> Exercise details:
Every line in the listing below from the one with "En oro, un árbol, arrancado, de" through the one with "100%|サックス(48):綿 100% |" is to be reproduced exactly, both ends included; leave out the rest.

===== Supplied records =====

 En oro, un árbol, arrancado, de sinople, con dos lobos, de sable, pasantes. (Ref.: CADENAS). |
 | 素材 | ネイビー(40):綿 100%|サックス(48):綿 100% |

=====
===== Supplied records =====

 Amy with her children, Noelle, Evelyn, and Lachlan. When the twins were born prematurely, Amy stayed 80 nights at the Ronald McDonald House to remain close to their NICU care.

=====

> Answer for this exercise:
 En oro, un árbol, arrancado, de sinople, con dos lobos, de sable, pasantes. (Ref.: CADENAS). |
 | 素材 | ネイビー(40):綿 100%|サックス(48):綿 100% |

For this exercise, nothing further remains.